Catholic bishop should mind what he says
Scotland’s most senior Roman Catholic, Cardinal Keith O’Brien, has accused the prime minister of acting immorally by favouring the rich ahead of ordinary citizens affected by the recession.The Cardinal also denounced David Cameron’s opposition to a “Robin Hood tax” on financial institutions.
I do not have a problem with the first sentence. But when a Catholic bishop is criticising the government for not supporting a financial services tax, he is venturing into an area in which he has no competence to comment.
The only formal statement on taxation within Catholic Social Teaching is in Rerum Novarum, published in 1891, which states merely that governments should not over-tax. Catholic teaching has a broader remit, of course, in its commitment to justice, which includes economic justice, but the question that then arises is how a financial service tax is congruent with principles of economic justice? We would expect a Catholic bishop to endorse LVT on that basis, ie that the surface of the planet is the gift of God to the entire human race, a point that has indeed been made in Catholic Social Teaching. A bishop might also be expected to refer to the scriptural and Catholic church teachings on usury, a practice which lies at the bottom of the present financial crisis. But on that, I have heard not a word in public from any Catholic church prelate.
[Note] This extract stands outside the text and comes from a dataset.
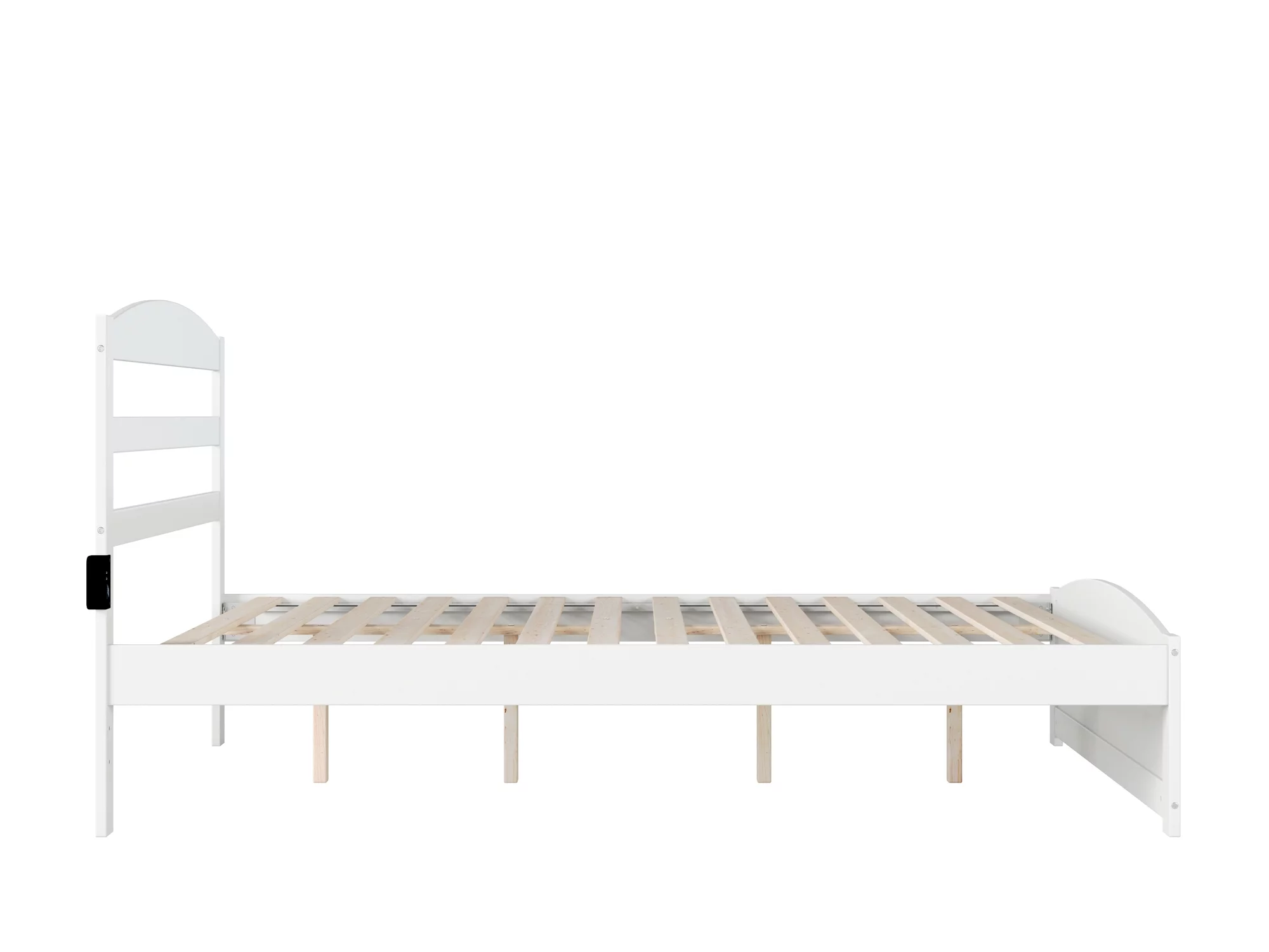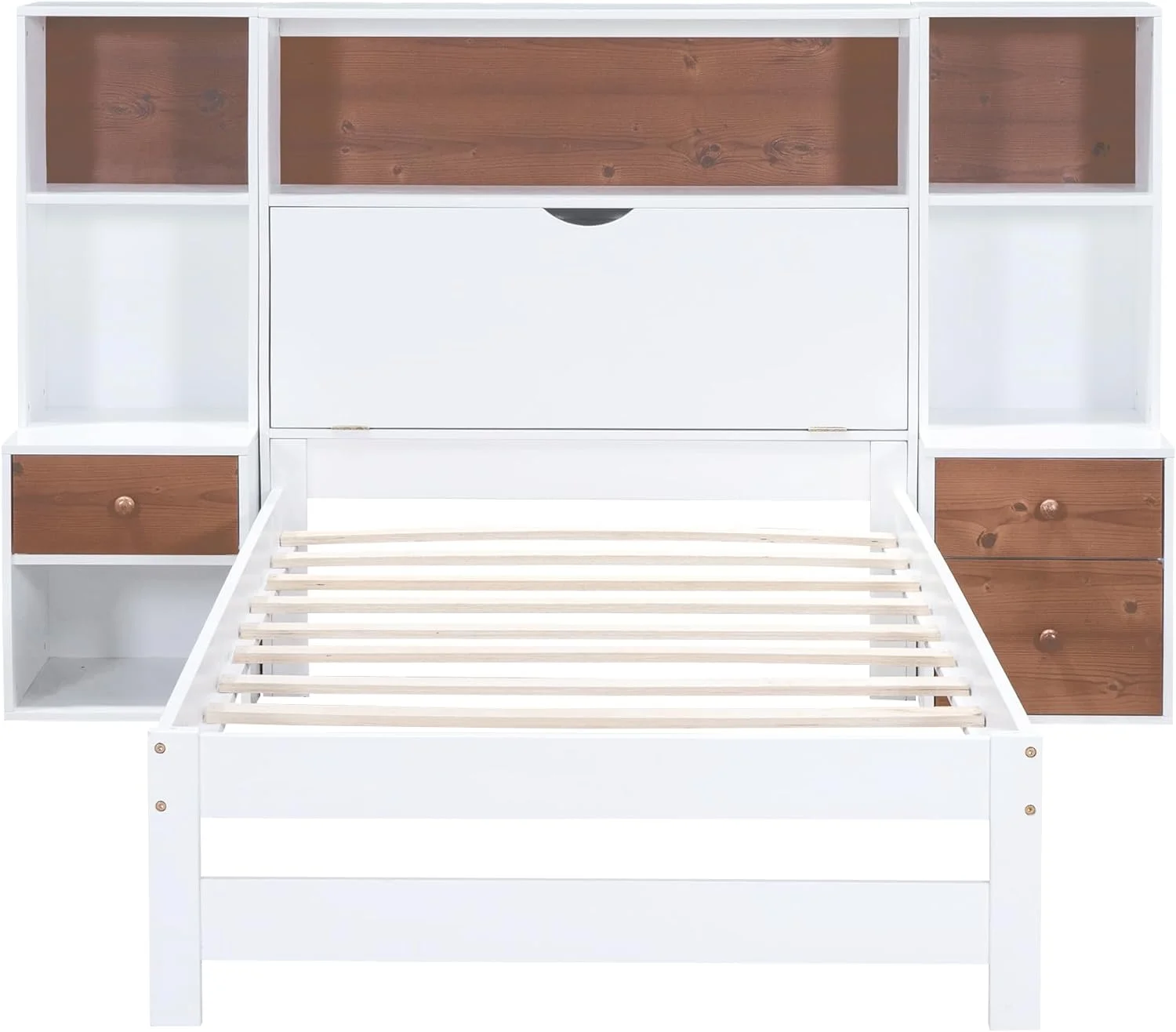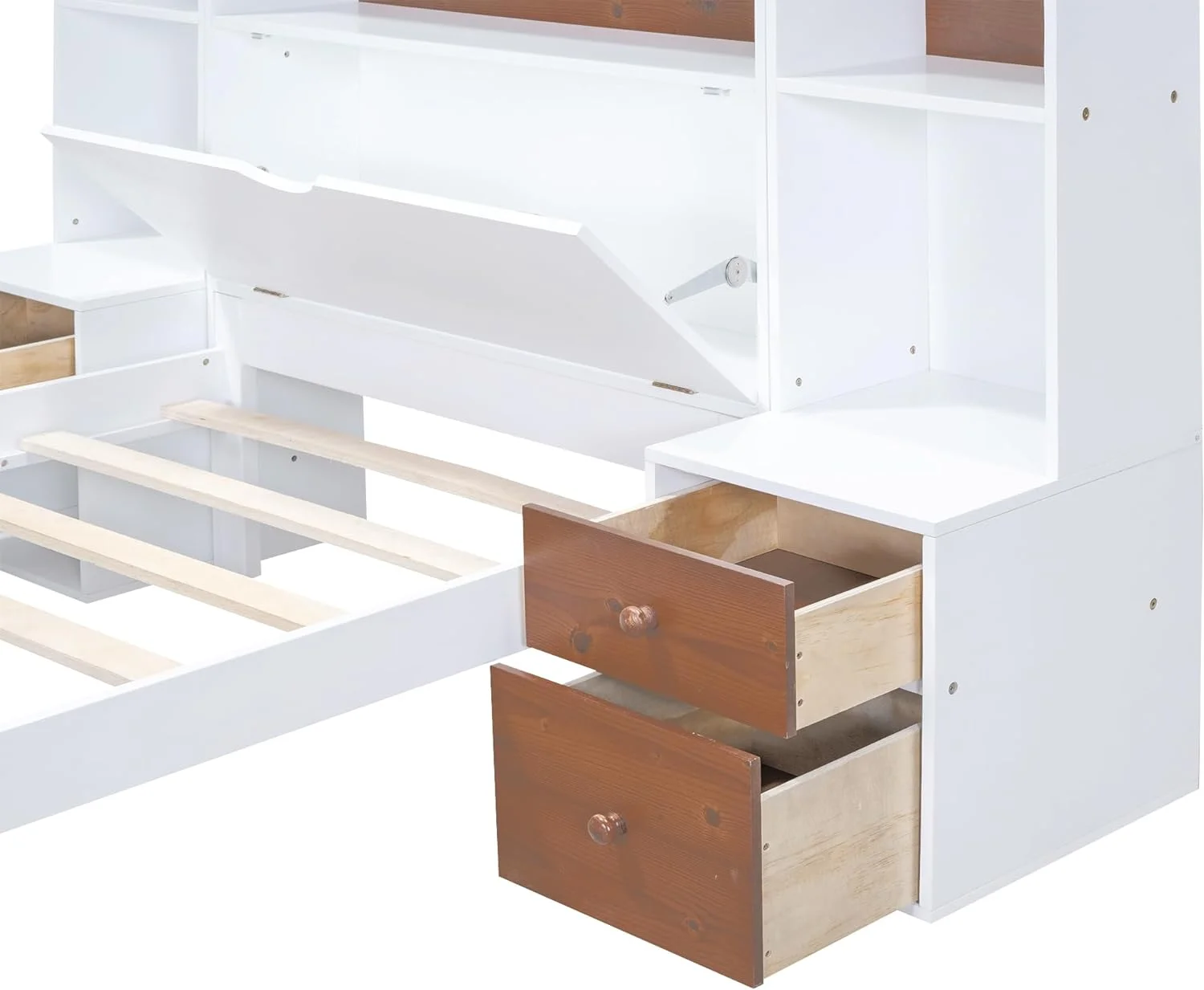 Size Platform Bed With Storage Headboard Ad Drawers, Bookcase Bed For Bedroom,Livig Room,White
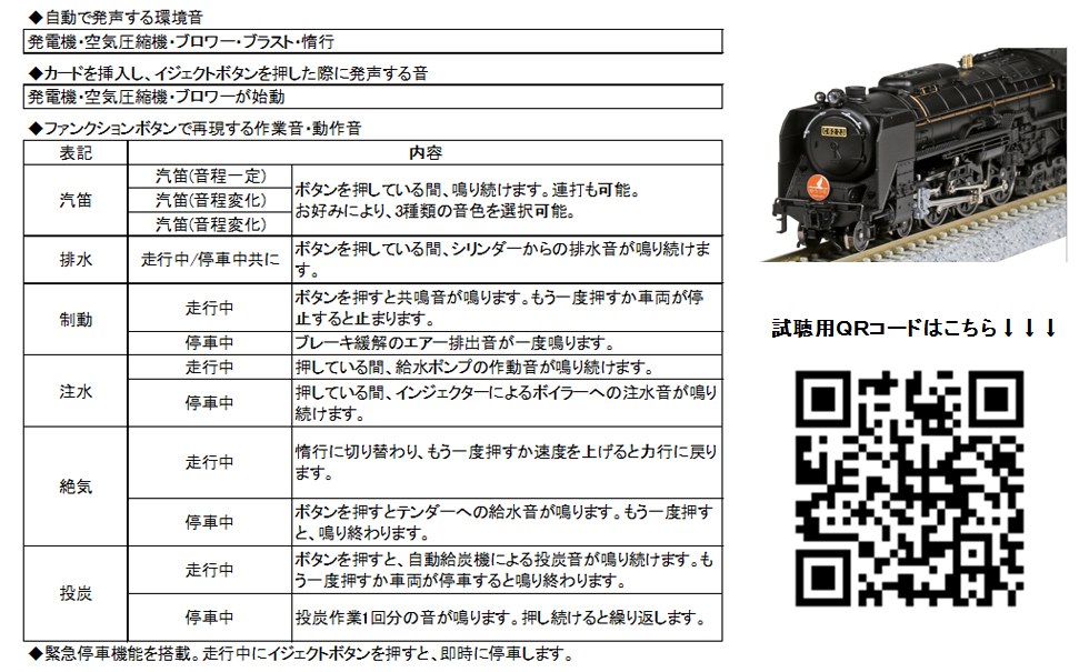 当社C62製品の走行とブラストサウンドの同期感や、実車C62の高速走行に欠かせない自動給炭機(メカニカルストーカー)の作動音をお楽しみください。発売中の#2017-6「C62 常磐形(ゆうづる牽引機) 」との組み合わせがおすすめめです。

The sad thing about all this is that Catholic church teaching has much of relevance to the condition of the contemporary political economy. It seems as if those responsible are unaware of this. But then the same is evident in the majority of Catholic churches, where the standard of the liturgy is poor, and far removed from the intentions set out in the relevant documents. It is as though, having gone to great deal of trouble to produce this high quality material, it is quietly forgotten.